Pelayanan Publik di Tanah Papua dan Faktor Keamanan
Berbagai peristiwa di Tanah Papua, terutama dalam 10 tahun belakangan ini, didominasi oleh krisis keamanan. Situasi keamanan yang tidak kondusif menyebabkan penurunan mutu pelayanan publik, yang menjadi tanggung jawab pemerintah sesuai Undang-Undang (UU) Republik Indonesia Nomor 25 Tahun 2009 tentang Pelayanan Publik. Namun bila ditelisik lebih dalam, situasi krisis keamanan tidak terjadi secara merata di semua kabupaten di Tanah Papua. Demikian pula, tidak semua kabupaten kota memperoleh nilai "rendah" menurut standar pelayanan publik sesuai UU Nomor 25 Tahun 2009 yang dinilai oleh Ombudsman RI.
Bagaimana Hubungan antara Keamanan dan Pelayanan Publik di Suatu Daerah?
Kata "keamanan" berasal dari akar kata "aman". Menurut Kamus Besar Bahasa Indonesia (KBBI), "aman" berarti "bebas dari bahaya; bebas dari gangguan; atau tenteram; tidak merasa takut atau khawatir". Sementara itu, definisi keamanan menurut UU Nomor 2 Tahun 2002 tentang Kepolisian Republik Indonesia, pasal 1 ayat 5 adalah sebagai berikut, "Keamanan dan ketertiban masyarakat adalah suatu kondisi dinamis masyarakat sebagai salah satu prasyarat terselenggaranya proses pembangunan nasional dalam rangka tercapainya tujuan nasional yang ditandai oleh terjaminnya keamanan, ketertiban, dan tegaknya hukum, serta terbinanya ketenteraman, yang kemampuan membina serta mengembangkan potensi dan kekuatan masyarakat dalam menangkal, mencegah, dan menanggulangi segala bentuk pelanggaran hukum dan bentuk-bentuk gangguan lainnya yang dapat meresahkan masyarakat". Lebih lanjut pada Pasal 1 Ayat 6 didefinisikan kata "keamanan dalam negeri" adalah "suatu keadaan yang ditandai dengan terjaminnya keamanan dan ketertiban masyarakat, tertib dan tegaknya hukum, serta terselenggaranya perlindungan, pengayoman, dan pelayanan kepada masyarakat".

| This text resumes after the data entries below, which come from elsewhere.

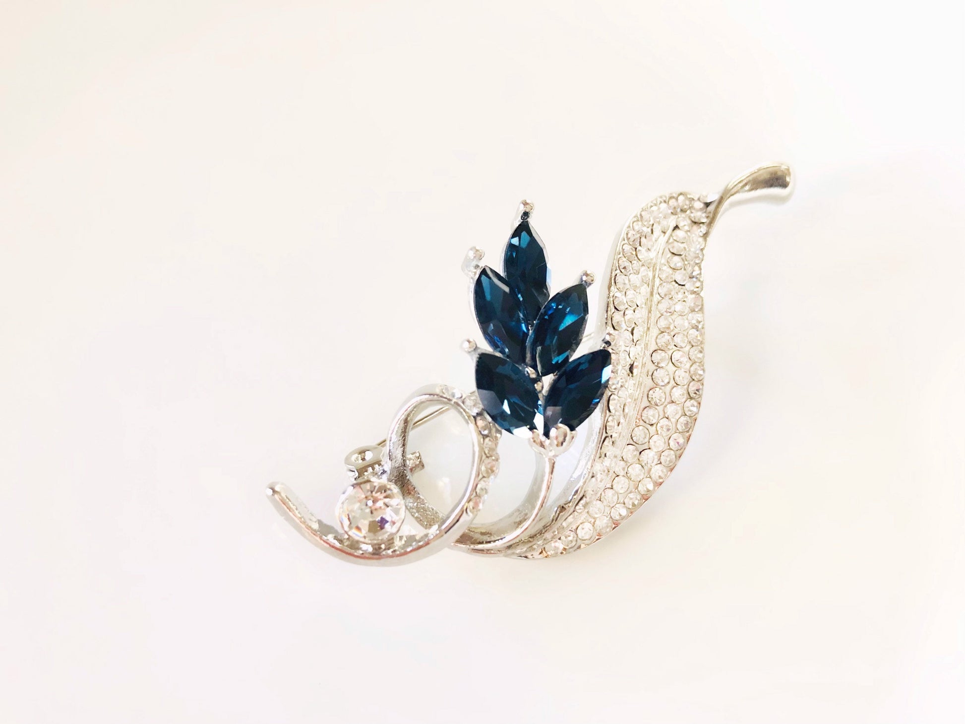 Blue sapphire and white crystal stem flower handcrafted in 18k white gold plated. This brooch features smooth, graceful lines and beautiful colors that compliment any wardrobe
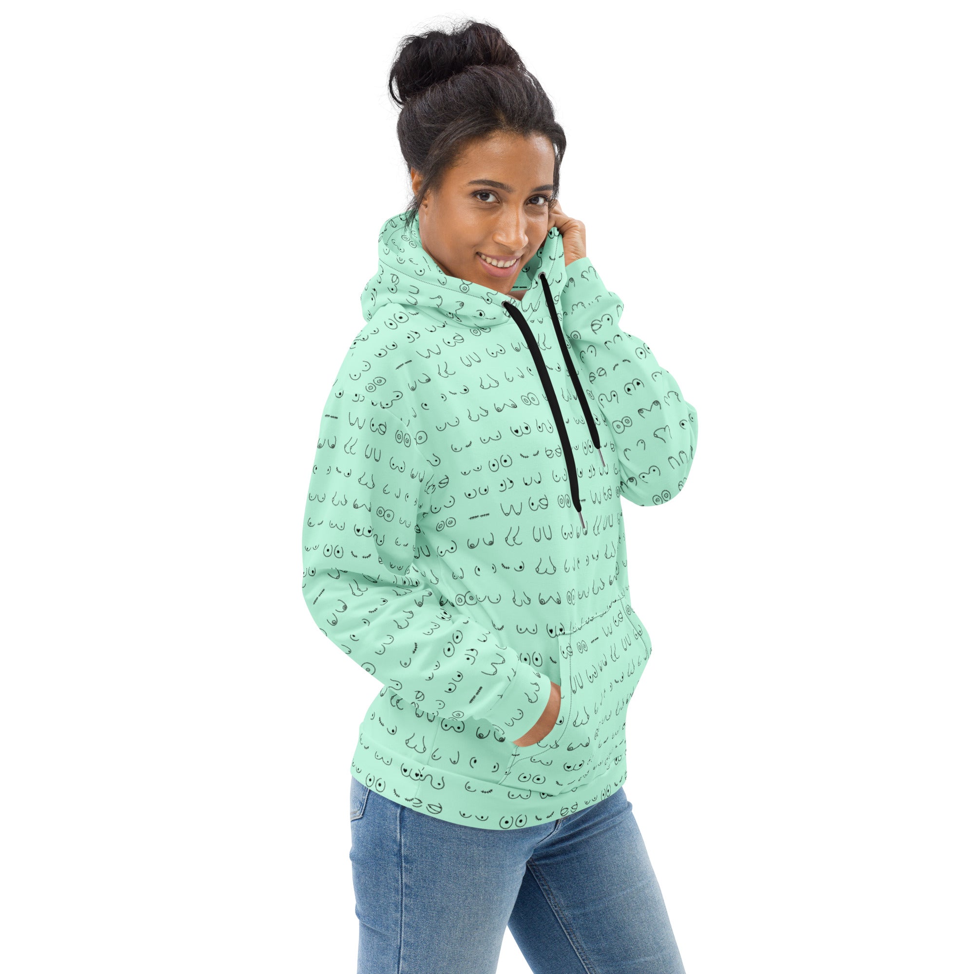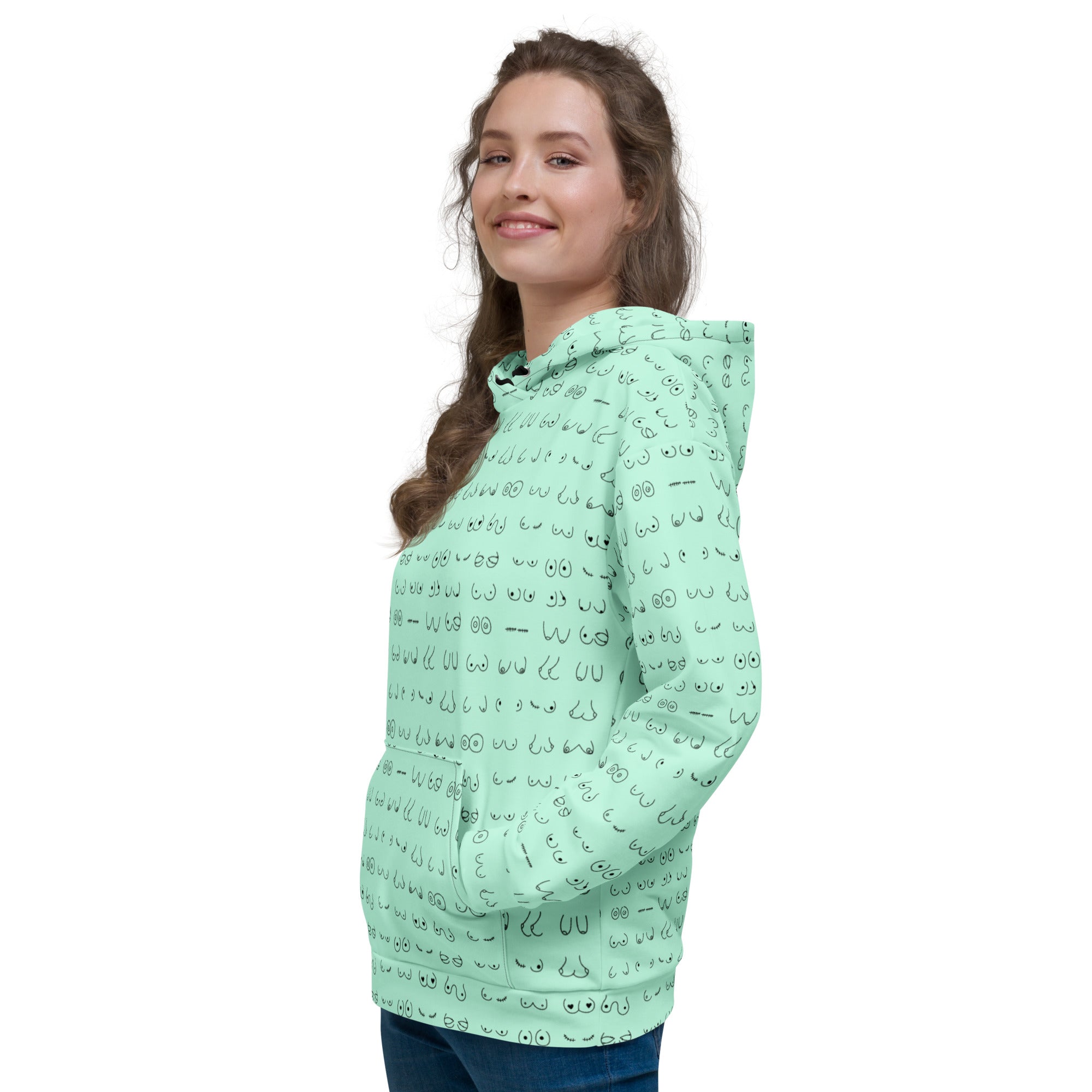 Every pair is the perfect pair. Old or new. Original, modified or both. Those ladies have given you hell so slip on something comfy and relax for a bit. This print is a minty green background with all sorts of boobies in black.
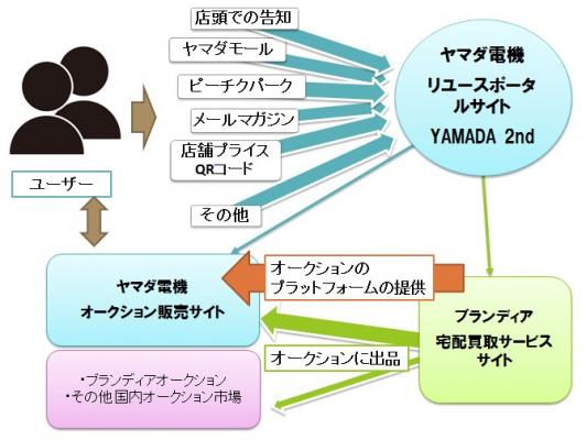 また買い取った商品は、ヤマダ電機が展開し、ブランディアがプラットフォームを手掛ける新たなオークションサイトへの出品をはじめ、国内のオークション市場で販売してまいります。
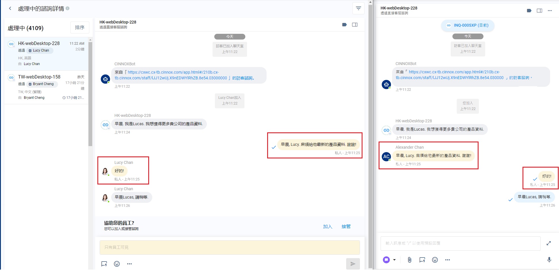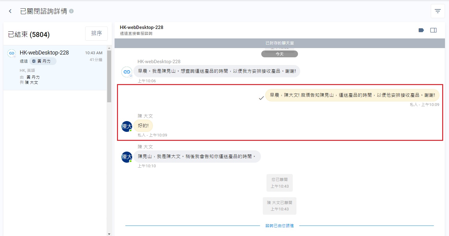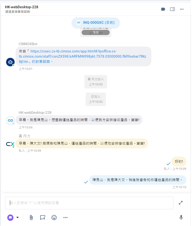 - 加入到聊天室的員工會收到你的訊息,但客戶不會看到。
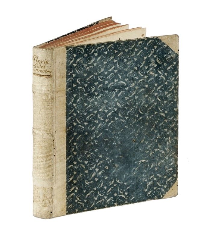 In-4° (mm 203x150). Pagine 54, [2] bianche. Fregio xilografico al frontespizio. Bianca la carta G4. Fioriture e gore sparse. LEGATO CON: Id., [Giunta al]la prima parte delle glorie del Clusentino... In Firenze: nella stamperia di S.A.S. alla Condotta, 1687. Pagine 206, [2]. Fregio xilografico al frontespizio; testatine e capilettera in legno. Mancanze, con perdite di testo, al margine superiore del frontespizio e della carta A4, e senza perdite alle carte B4 e C1. Maldestri restauri marginali, con nastro adesivo, alle carte C4, D2 e D3; fioriture sparse ed altre minime mende. Legatura successiva in mezza pergamena, con punte e piatti in carta decorata; titoli manoscritti al dorso e tagli rossi. Lieve strappo, con mancanza reintegrata, al foglio di guardia anteriore. Lievi segni di usura e piccoli forellini di tarlo al dorso. Nota di possessi manoscritta al frontespizio ed ex-libris cartaceo al contropiatto anteriore.
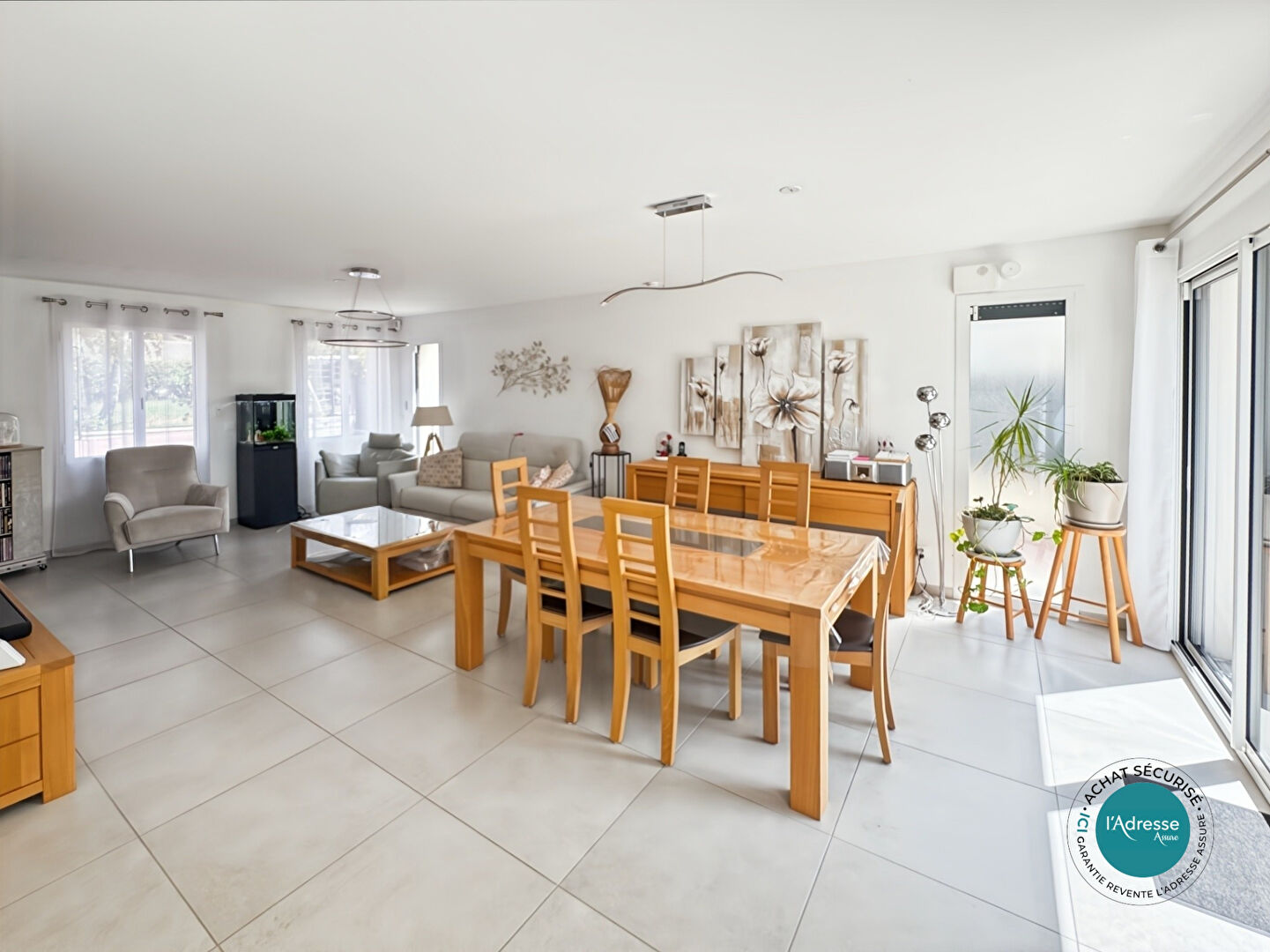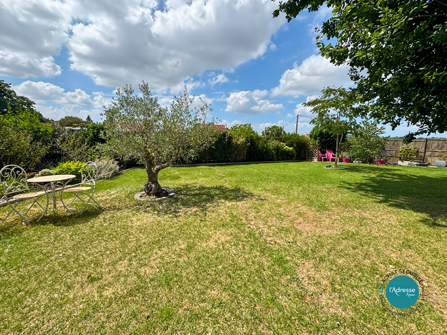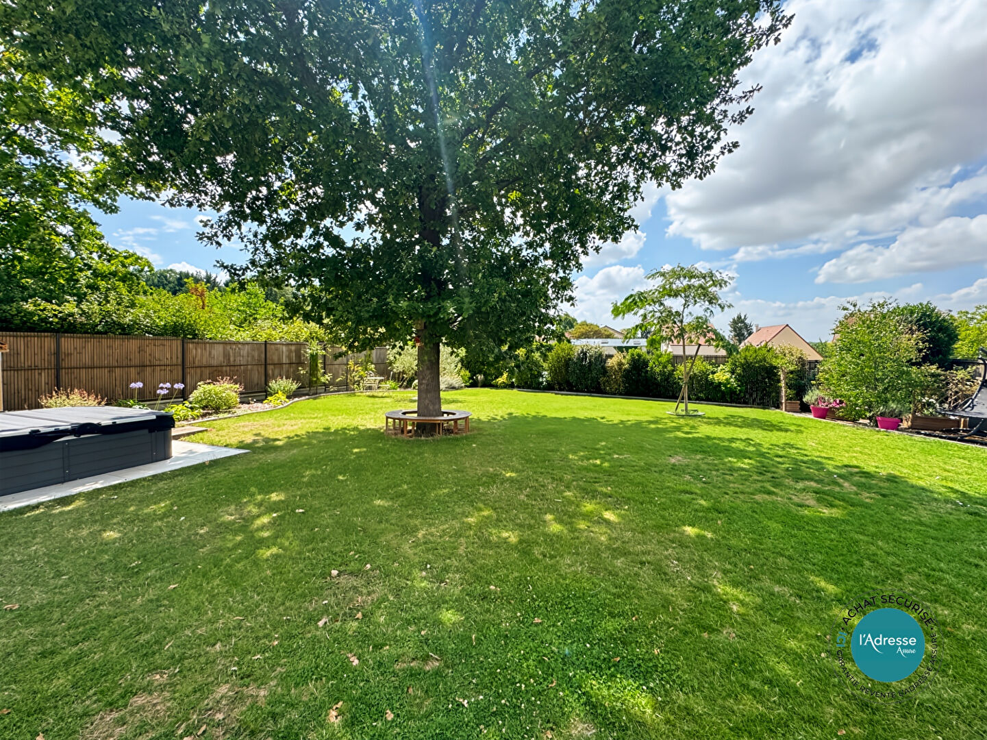 Cette belle maison familiale offre une entrée avec rangements, une cuisine moderne aménagée équipée, ouverte sur une pièce de vie très lumineuse, incluant salon et séjour, avec accès direct à un magnifique jardin clos de 909 m².
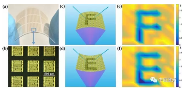 圖2  (a, b) 柔性紫外圖像傳感器的光學(xué)照片; (c, d) 柔性紫外圖像傳感器在不同彎曲條件下的測試示意圖; (e, f) 柔性紫外圖像傳感器對(duì)應(yīng)的輸出圖像。
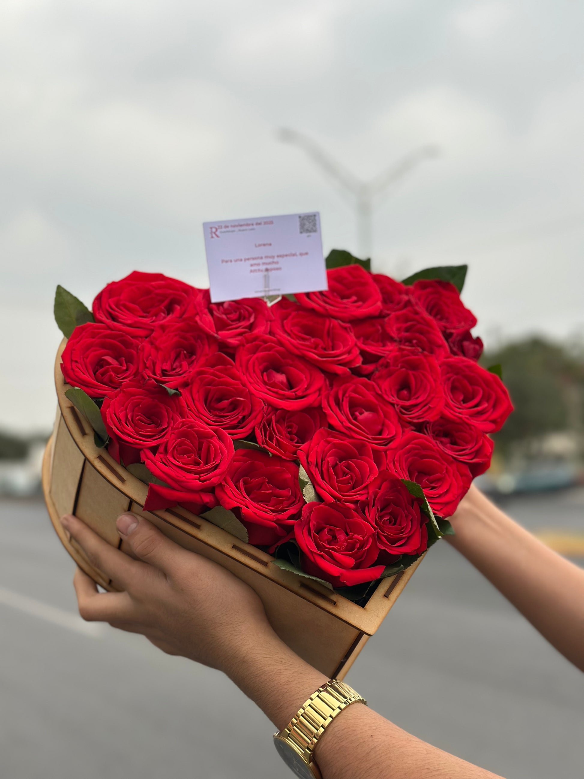 Un detalle que enamora al instante: caja en forma de corazón rellena con 24 rosas rojas frescas, acomodadas con delicadeza para crear un regalo romántico, clásico y perfecto para cualquier ocasión especial.

Beberapa kata kunci yang berkaitan erat dengan keamanan, yaitu ketenteraman, ketertiban, hukum, perlindungan, pengayoman, dan pelayanan masyarakat atau publik. Berdasarkan landasan hukum tersebut terkandung hak-hak masyarakat untuk mendapatkan suasana aman, sekaligus kewajiban yang di dalamnya berbentuk keterlibatan aktif untuk menaati hukum dan menjaga kondisi dinamis sekaligus kondusif bagi berlangsungnya pembangunan nasional.
Menurut UU Nomor 25 Tahun 2009, tidak disebutkan secara tersurat bahwa keamanan termasuk di dalam pelayanan publik. Di dalam UU tersebut disebutkan bahwa pelayanan publik adalah kegiatan atau rangkaian kegiatan dalam rangka pemenuhan kebutuhan pelayanan sesuai dengan peraturan perundang-undangan bagi setiap warga negara dan penduduk atas barang, jasa, dan/atau pelayanan administratif yang disediakan oleh penyelenggara pelayanan publik. Namun bila dihubungkan, masalah keamanan sangat erat kaitannya dengan pelayanan publik. Baik kaitan dengan hak masyarakat untuk mendapatkan keamanan berupa ketenteraman, perlindungan, pengayoman, dan pelayanan publik, juga berkaitan dengan kewajiban penyelenggara negara, termasuk kepolisian untuk mewujudkannya dengan menegakkan hukum, menjaga ketertiban umum, dan memberi pelayanan administratif.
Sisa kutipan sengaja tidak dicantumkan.